Cytovale today announced a $15 million financing for its sepsis-detecting technology for use in the emergency department.
The medical technology company uses machine learning and cell mechanics to change diagnostics and detect conditions earlier. Its diagnostic is designed to measure immune cell activity associated with dysregulated host response in sepsis in less than 10 minutes.
Sepsis is a life-threatening condition that can quickly and suddenly overwhelm the body and result in septic shock and death, Ajay Shah, Ph.D., co-founder and CEO of Cytovale, said. But early detection could lead to timely and accurate triage in the emergency department. Early treatment is critical to survive.
“Cytovale’s team is well-positioned to deliver on the promise of its technology to provide doctors with critical information that can reduce the global health burdens of sepsis,” said Lindy Fishburne, managing partner at Breakout Ventures, an existing investor that co-led the $7.4 million extension of Series B funding.
Sepsis is a leading cause of death in U.S. hospitals and current approaches make is difficult for providers to diagnose a patient early in their journey. This leads to a depletion of emergency department resources and delayed care to those who need it most.
Cytovale will use the funds to conduct clinical studies to get the technology cleared for regulatory use.

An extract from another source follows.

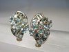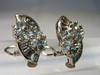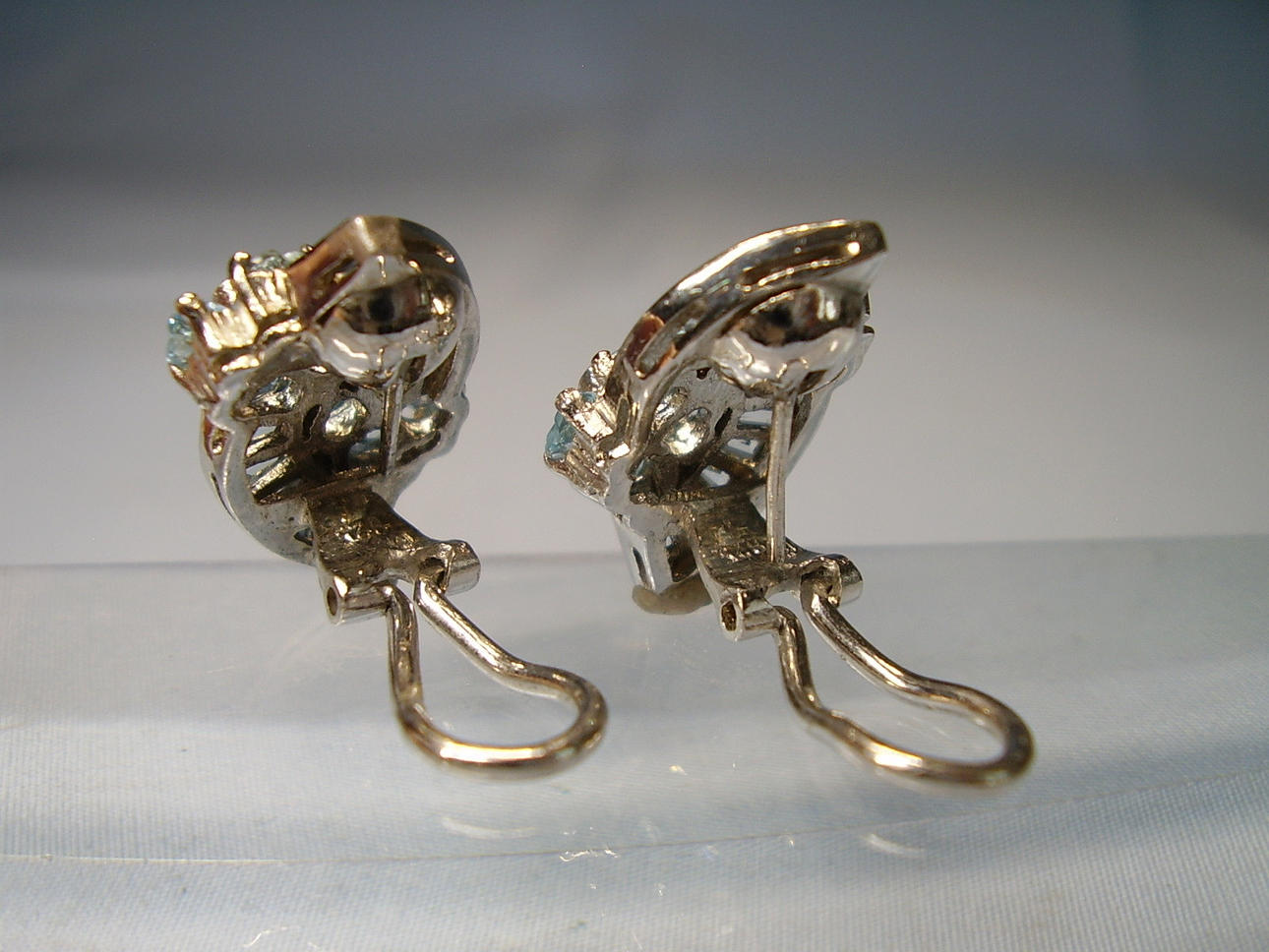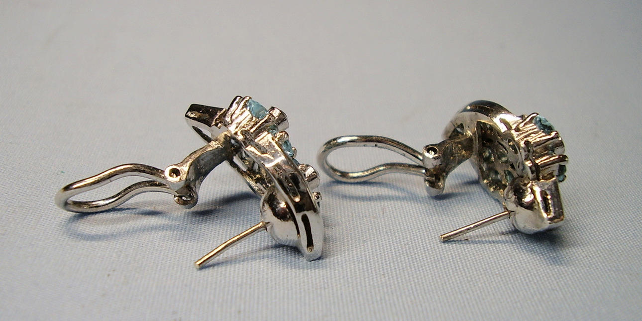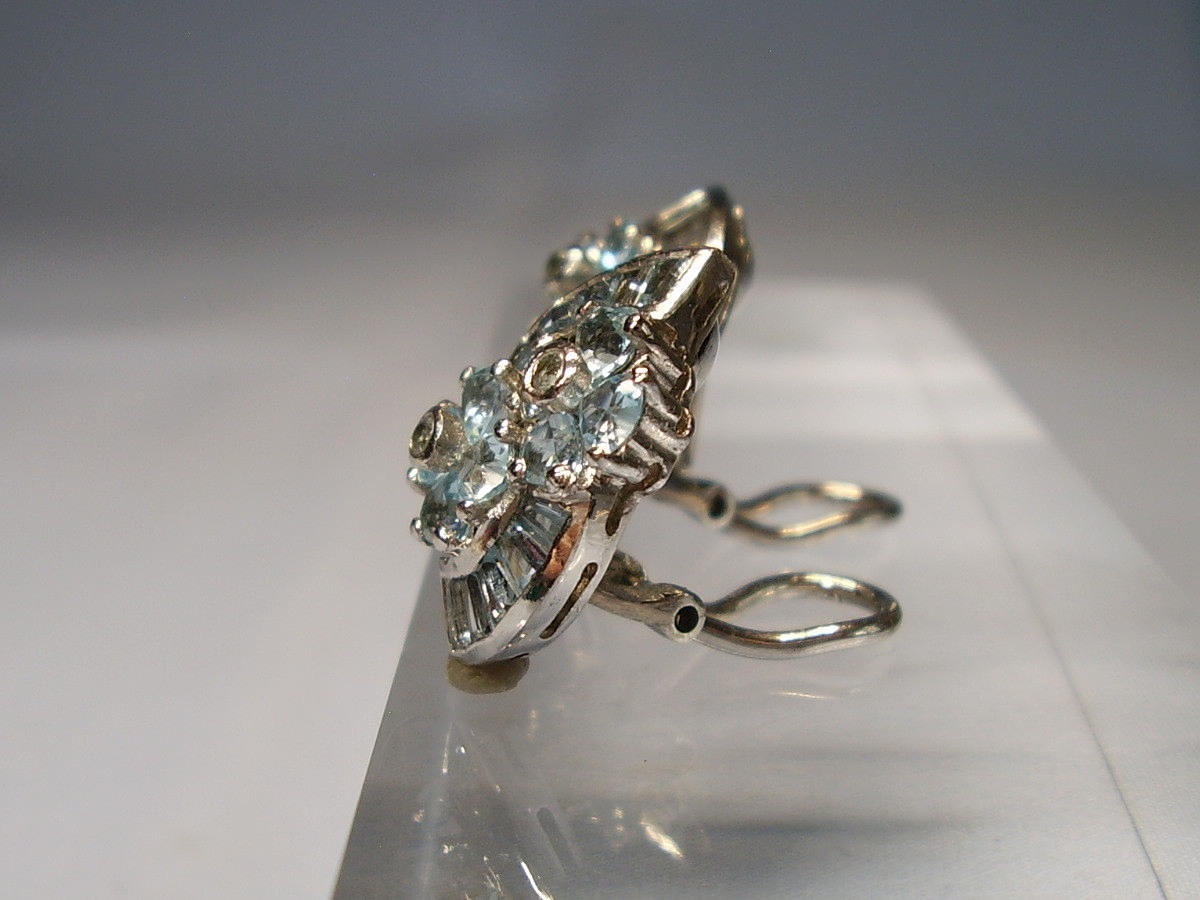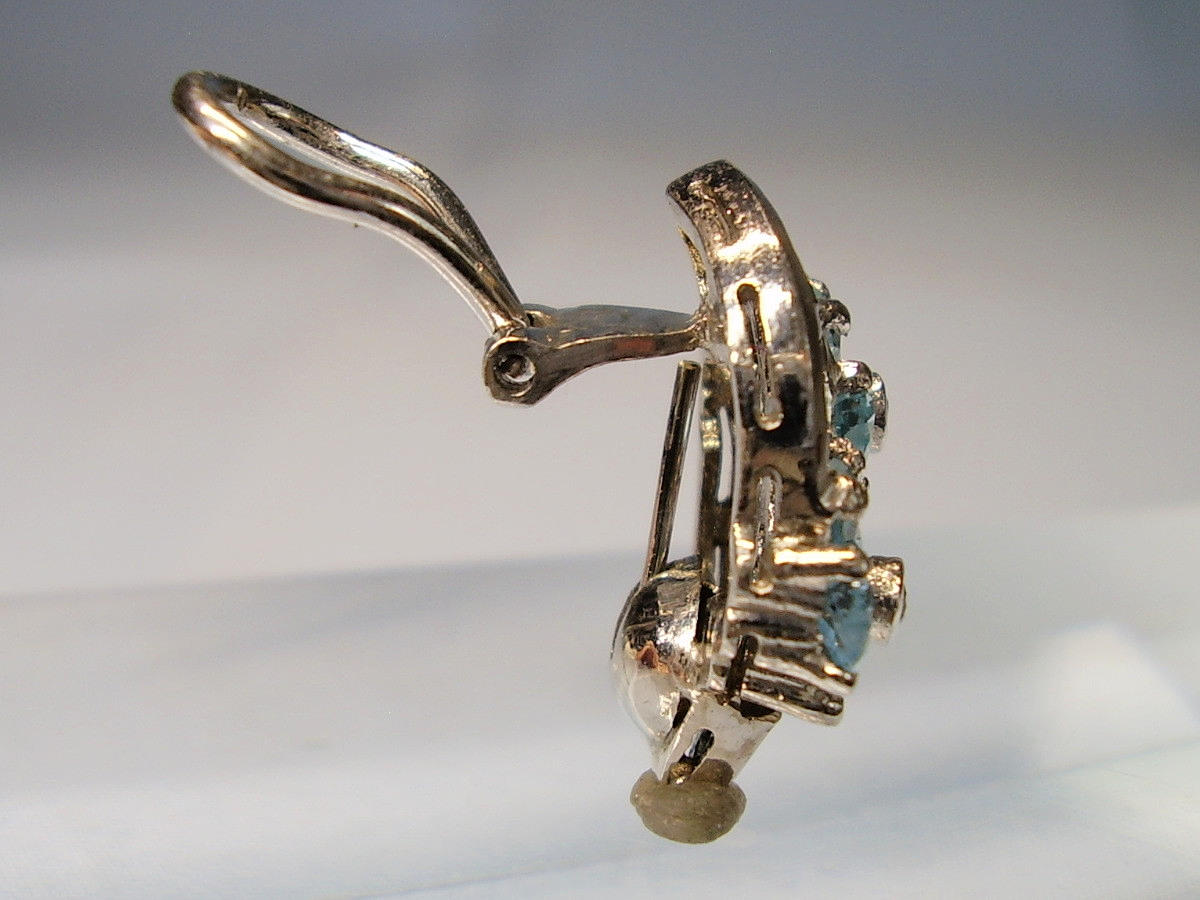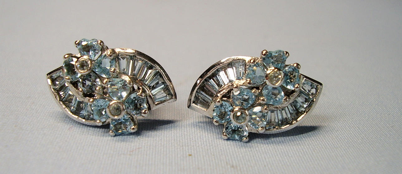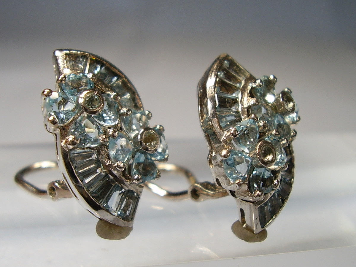 Ohrringe in technisch aufwendiger Ausführung. Die Schauseiten sind besetzt mit himmelblauen facettierten Topasen im Herz- und Baquette-Schliff. Die Topase sind zu stilisierten Blüten angeordnet.
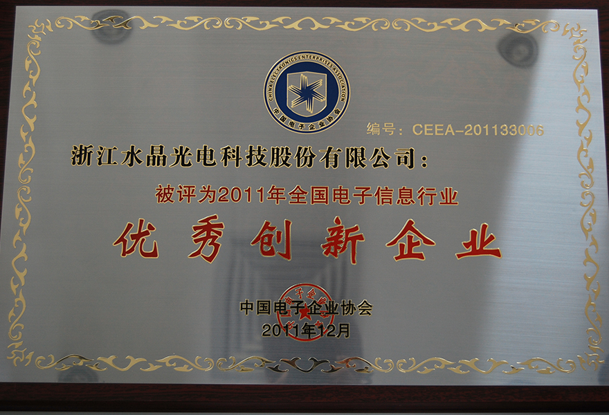11.A-87 浙江水晶光電科技股份有限公司被評(píng)為2011年全國(guó)電子信息行業(yè)優(yōu)秀創(chuàng)新企業(yè)201112

Technology can play a big role in detecting sepsis early, which is why other players in healthcare have also focused on this area.
Last month, Geisinger and IBM created a machine-learning model to detect sepsis and make a challenging diagnosis potentially easier.
“If we can identify patients more quickly and more accurately, we can administer the right treatments early and increase the chances of a positive outcome,” said Donna Wolk, Ph.D., director of the molecular and microbial diagnostics and development division at Geisinger.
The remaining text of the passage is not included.